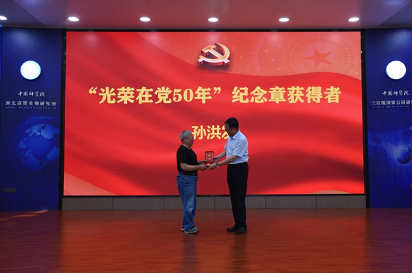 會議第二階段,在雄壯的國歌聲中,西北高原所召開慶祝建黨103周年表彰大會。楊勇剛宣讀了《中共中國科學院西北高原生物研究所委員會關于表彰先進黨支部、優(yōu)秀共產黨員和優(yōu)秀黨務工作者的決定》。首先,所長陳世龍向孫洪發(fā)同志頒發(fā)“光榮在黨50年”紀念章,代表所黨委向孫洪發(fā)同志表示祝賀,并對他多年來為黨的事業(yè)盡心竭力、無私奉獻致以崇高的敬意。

☆ ☆ ☆ ☆ ☆

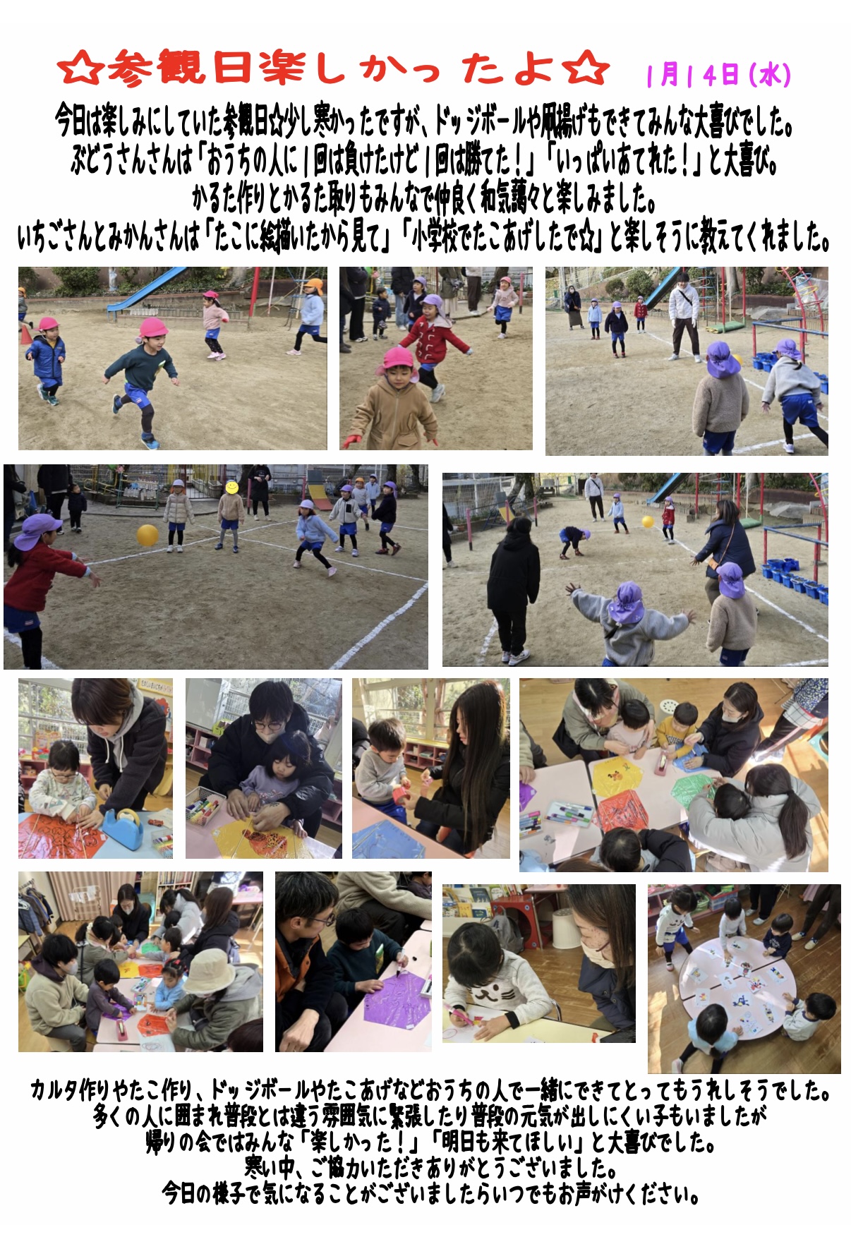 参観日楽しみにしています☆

☆ ☆ ☆ ☆ ☆

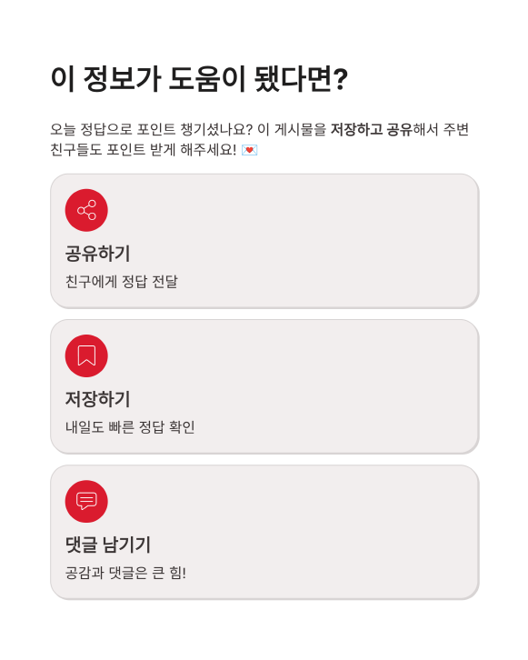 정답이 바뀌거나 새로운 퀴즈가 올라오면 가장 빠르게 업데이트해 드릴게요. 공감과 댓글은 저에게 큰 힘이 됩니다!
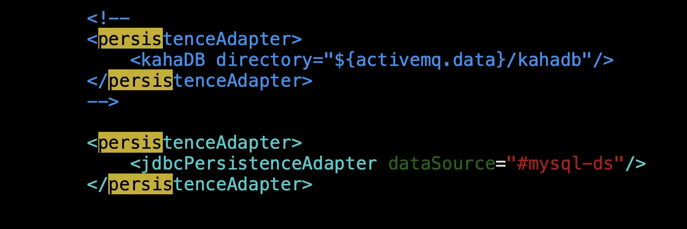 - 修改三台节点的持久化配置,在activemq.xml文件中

☆ ☆ ☆ ☆ ☆

▶ [EXERCISE AIM]
Starting at the line that contains "정답이 바뀌거나 새로운" and ending at the line that contains "- 修改三台节点的持久化配置,在activemq.xml文件中", transcribe the material above exactly, excluding pictures.

▶ [SOLUTION TO THIS PROBLEM]
 정답이 바뀌거나 새로운 퀴즈가 올라오면 가장 빠르게 업데이트해 드릴게요. 공감과 댓글은 저에게 큰 힘이 됩니다!
 - 修改三台节点的持久化配置,在activemq.xml文件中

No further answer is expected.